Dr WOOLDRIDGE (Health and Aged Care) (9:52 AM) —I move:

That the bill be now read a second time.

This government is committed to ensuring a balance between public and private health sectors. This balance will ensure Australians have a level of choice as well as universal access to excellent health care. We have demonstrated this commitment through recent reforms to private health insurance, including the introduction of the 30 per cent rebate, loyalty bonuses, promotion of simplified billing and reforms to make the private health insurance industry more responsive and flexible. These reforms are based on a 1997 inquiry into private health insurance conducted by the Industry Commission and extensive consultation with consumer and industry groups. Lifetime Health Cover is another major and important reform arising from this process.

This bill amends the National Health Act 1953 to introduce Lifetime Health Cover into private health insurance. Under Lifetime Health Cover, health funds will be required to set different premiums depending on the age at which a member first takes out hospital cover with a registered health fund. Lifetime Health Cover encourages people to join a fund early in life and to maintain their membership and discourages hit-and-run behaviour. All of this increases the stability of the industry and helps contain the rising cost of health insurance premiums.

Under Lifetime Health Cover, people who take out hospital cover with a registered organisation before the age of 30 and maintain their membership pay lower premiums throughout their lifetime relative to people who delay joining. People who join after the age of 30 will pay a two per cent premium loading for each year they delay joining. This loading is capped at a maximum of 70 per cent above the premium payable by a person who joins at the age of 30. To ensure a fair and equitable transition to Lifetime Health Cover, existing members of private health insurance funds who have hospital cover no matter what their age will be treated as if they had joined a fund at the age of 30. People currently without private health insurance will be given the chance to join and pay the 30-year-old rate irrespective of their age in a 12-month period of grace from 1 July this year to 30 June next year.

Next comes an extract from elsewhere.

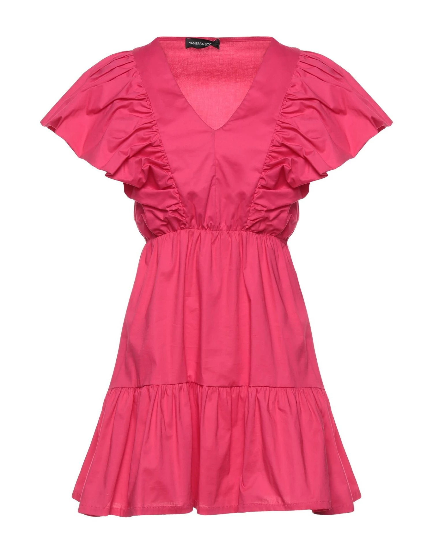 plain weave, frills, v-neck, short sleeves, solid color, partially lined interior, no pockets

Special provisions also apply to older Australians. People born before 1 July 1934 can take out hospital cover at any time in the future without paying a loading for joining late in life. If people in this age category choose to join a health fund at any time they will pay the same premium as a 30-year-old new member.

This government recognises that people may need to discontinue their private health insurance membership for a period of time due to, for example, a change in income or an overseas posting. Lifetime Health Cover therefore allows people a 24-month absence from private health insurance without a loading being applied to the premium when they return. An individual who is absent for more than 24 months and then returns to a private health insurance fund will incur a loading of two per cent on top of the premium for every additional 12 months that they were absent from private health insurance.

This bill allows for regulations to be drafted to allow health funds to extend the allowed period of absence for individuals in special circumstances. It also allows for me, as the Minister for Health and Aged Care, to determine that people in exceptional circumstances who were unable to lock into the lower premium rate on 1 July 2000 due to proven hardship are to be given the base rate premium. Determinations of this kind will be made on an individual basis and regulations will specify the circumstances under which such a determination is able to be made.

Lifetime Health Cover complements the major reforms to private health insurance already undertaken by the government. It delivers another important part of the government's commitment to reform the private health insurance industry and to maintain the balance between public and private health sectors. I present the explanatory memorandum to this bill.

Debate (on motion by Ms Macklin) adjourned.